Pork Commentary

Jim Long President – CEO Genesus Inc.

info@genesus.com

May 20, 2014


Calm Before the Storm

U.S. cash hog prices have been tracking lower over the last few weeks. Off the highs of March but still at over $1.10 lean a pound excellent prices by any measurement. Why we say “Calm before the storm!” is that over the next few weeks we see a strong move to higher prices coming that is a reflected in the hog futures. Compounding these expectations from the lean hog futures we believe we will be the reality of weekly hog marketings that will be well below 1.9 million. Week upon week of lower marketings compiled with strong domestic and export demand, with less beef and no more chicken. The storm is coming. Currently the USDA is projecting US Meat and Poultry supply to be 1.1 billion pounds less than last year. That’s a lot less protein. With hogs bringing $700 per head in Japan, $600 in South Korea, $260 in Mexico, it doesn’t take a rocket scientist or ag-economist to figure out pork buyers in each of these countries will buy in the U.S. and sell in their country working extra-large wholesale spread.

PED

Our sense is PED is slowing down. PED breaks are less frequent. Producers upping their bio–security and many have stopped using blood plasma in their feeds.

Observation

A couple of years ago we were at a North American packing plant. The plant was shipping intestine to China to be cleaned and then returned to North America to be used in sausage casings. We don’t know if it’s still happening, but wonder how bio-secure and disease preventive such an activity would be. It’s alleged the PED we have in North America came from China. How the heck can you really know if the intestines shipped to China are the ones returned? We hope that we are not being alarmist but we have observed in our life there are implications from particular actions.

Corn Crop

We travelled to Illinois, Indiana, Michigan, and Wisconsin this past week. In the area we travelled there was rain but it appeared that most of the corn crop was in. When the crops are in we become weathermen. That’s what drives the yields and the prices. So far where the corn is there is plenty of moisture. No drought so far.

Vaccines

At Genesus we just did a circo-virus vaccine trial. Our results showed widespread differences in protection afforded. You should do the same, our results showed some vaccines weren’t doing much of anything. The higher priced ones weren’t necessarily the answer. As an industry we spend enough money on health related products. We all need to insure we use products that work. Test, draw the blood, and then compare the results.
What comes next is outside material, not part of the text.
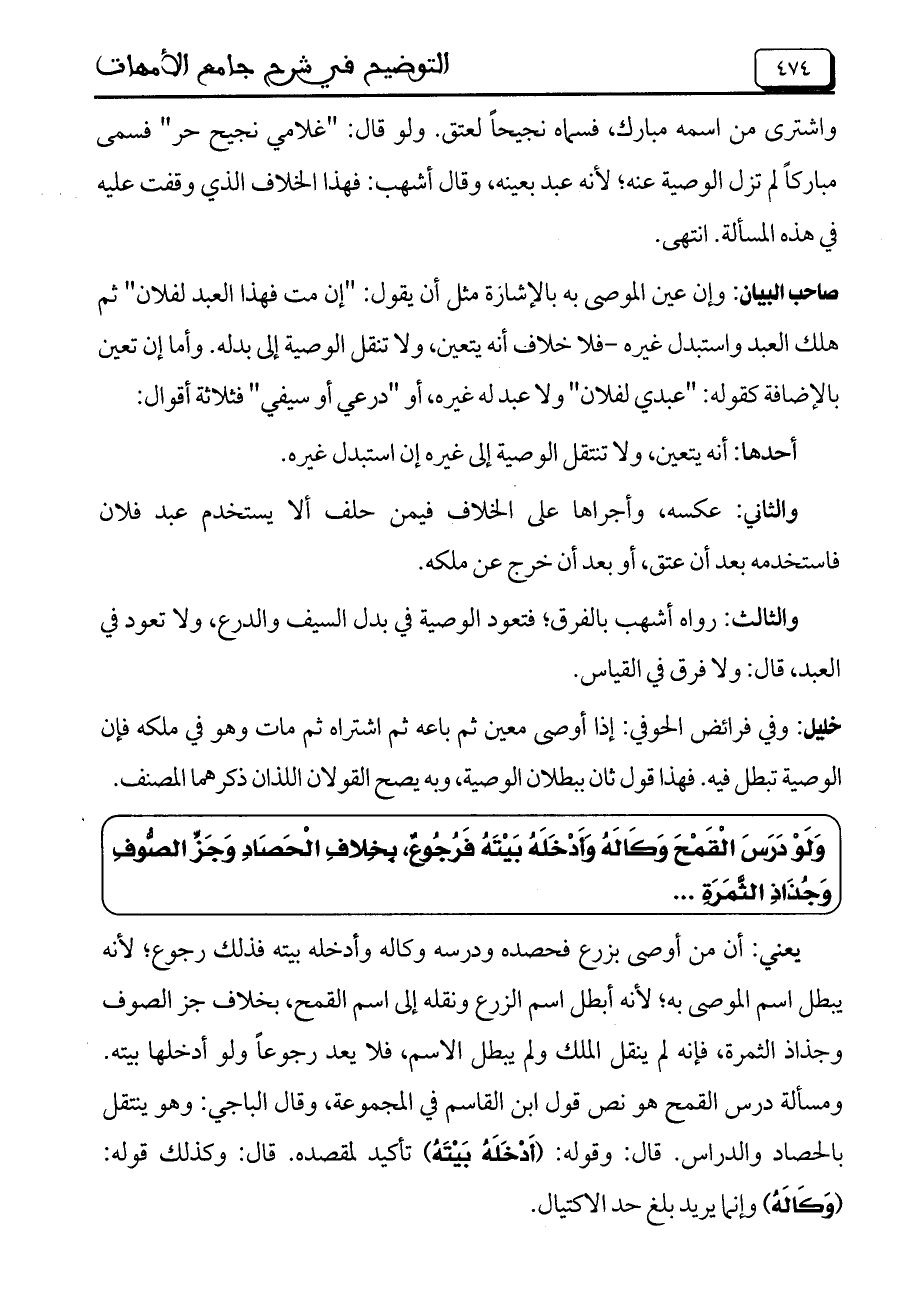 خليل: وفي فرائض الحوفي: إذا أوصى معين ثم باعه ثم اشتراه ثم مات وهو في ملكه فإن الوصية تبطل فيه. فهذا قول ثان ببطلان الوصية، وبه يصح القولان اللذان ذكرهما المصنف.
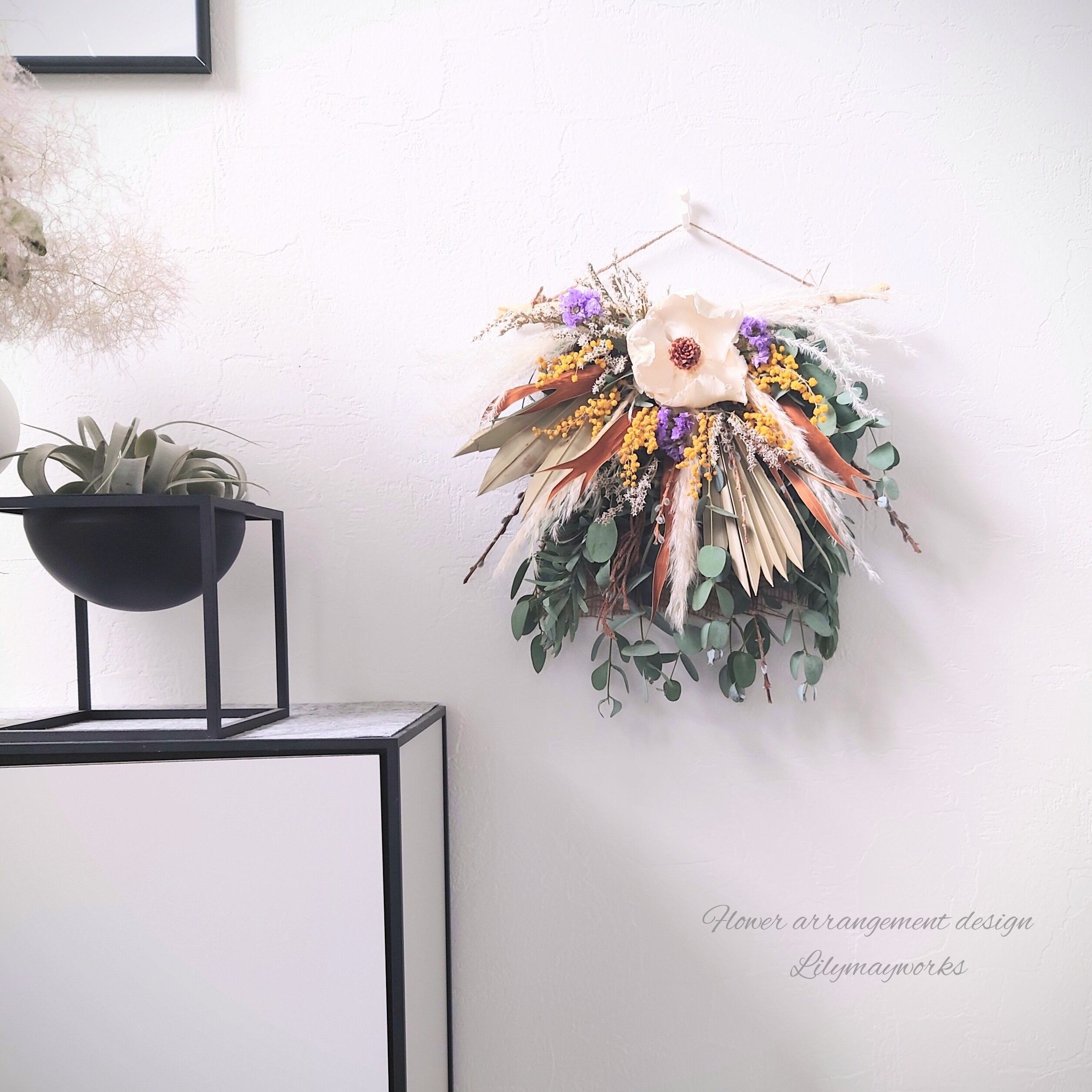#ボタニカルタペストリー#ドライフラワータペストリー#タペストリー#パームフラワー#パームサンリーフ#ドライフラワーアレンジメント#パンパスグラス#ユーカリ#ミモザ#スターチス#ススキ#壁掛け#ハンドメイドフラワー#ウェルカムボード#ウェルカムスペース#両親贈呈品#両親記念品#フォトウェディング#前撮り#バースディフォト#マタニティフォト#誕生日プレゼント#新築祝い#結婚祝い

This is tough business we need to get value for what we buy.

Smithfield Foods

You don’t have to look any further then Smithfield Foods to see the effect of real good hog prices. The world’s largest hog producer and packer generated a record first quarter profit of $196.4 million. WH Group of China looks real smart in their purchase of Smithfield. Smithfield operating as an integrated enterprise captured the whole value of the hogs, packer and processing margins to set those record profits. Let’s hope Smithfield ships lots of pork to China cutting domestic pork supply and driving our hog prices higher. A high tide raises all boats.